_What is being asked_
Copy the following data exactly and drop the pictures.

+++ Provided data

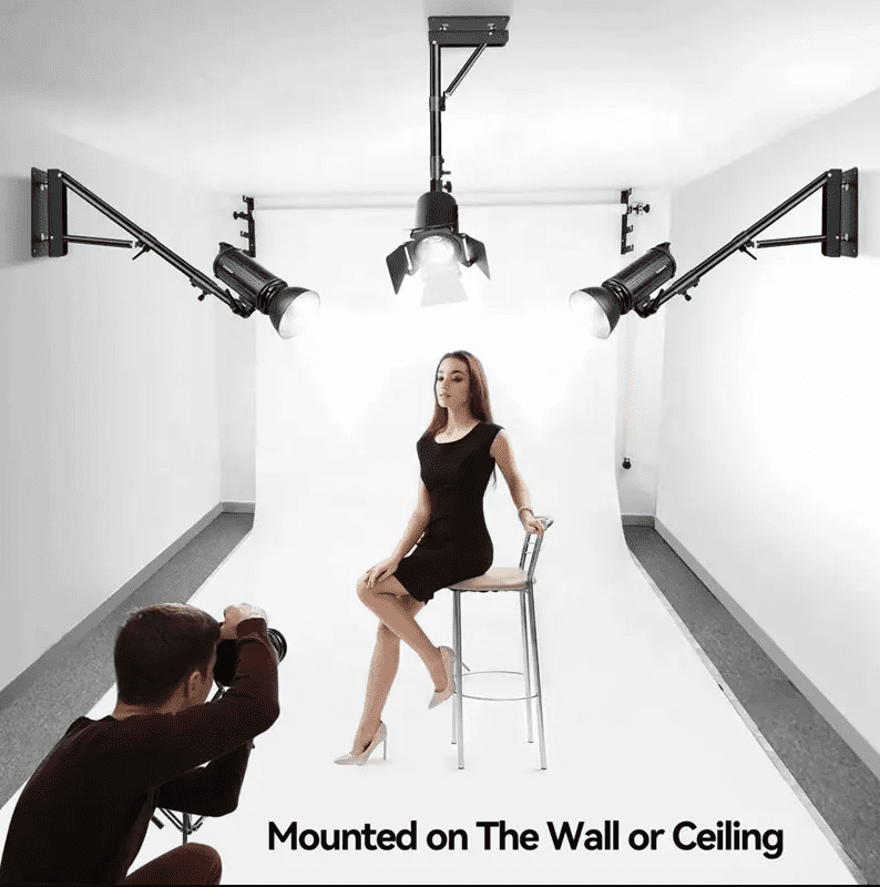 Si estás armando un set fijo (o semi fijo) y quieres ganar espacio, este brazo triangular para pared/techo te permite montar y posicionar iluminación sin ocupar trípodes en el piso. Su rango ajustable de 75 a 180 cm ayuda a ubicar la luz donde realmente sirve: arriba, hacia un costado o sobre el sujeto, con un montaje más limpio y estable.
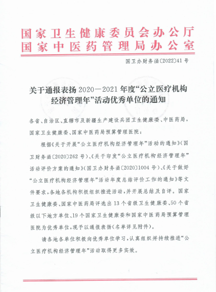 近日,国家卫生健康委、国家中医药管理局发布《关于通报表扬2020-2021年度“公立医疗机构经济管理年”活动优秀单位的通知》,四川省肿瘤医院获2020-2021年度“公立医疗机构经济管理年”活动优秀单位称号,评优案例为“智慧财务系统在医院内部控制中的运用”。
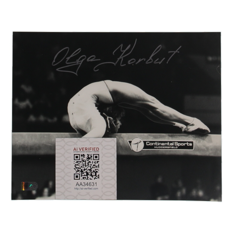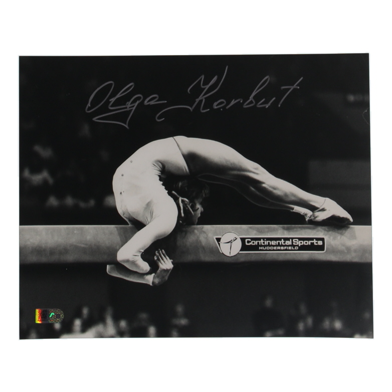 Photo measures 8" x 10" in size and has been hand-signed by Olga Korbut (HOF).
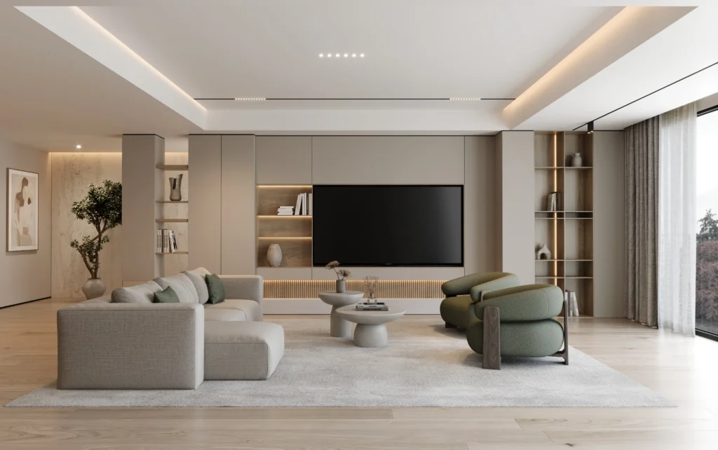 A paleta neutra, os materiais naturais e a iluminação indireta reforçam uma atmosfera acolhedora e contemporânea, ideal para quem procura inspiração para renovar a sala de estar com sofisticação.

++++++

_Your solution_
 Si estás armando un set fijo (o semi fijo) y quieres ganar espacio, este brazo triangular para pared/techo te permite montar y posicionar iluminación sin ocupar trípodes en el piso. Su rango ajustable de 75 a 180 cm ayuda a ubicar la luz donde realmente sirve: arriba, hacia un costado o sobre el sujeto, con un montaje más limpio y estable.
 近日,国家卫生健康委、国家中医药管理局发布《关于通报表扬2020-2021年度“公立医疗机构经济管理年”活动优秀单位的通知》,四川省肿瘤医院获2020-2021年度“公立医疗机构经济管理年”活动优秀单位称号,评优案例为“智慧财务系统在医院内部控制中的运用”。
 Photo measures 8" x 10" in size and has been hand-signed by Olga Korbut (HOF).
 A paleta neutra, os materiais naturais e a iluminação indireta reforçam uma atmosfera acolhedora e contemporânea, ideal para quem procura inspiração para renovar a sala de estar com sofisticação.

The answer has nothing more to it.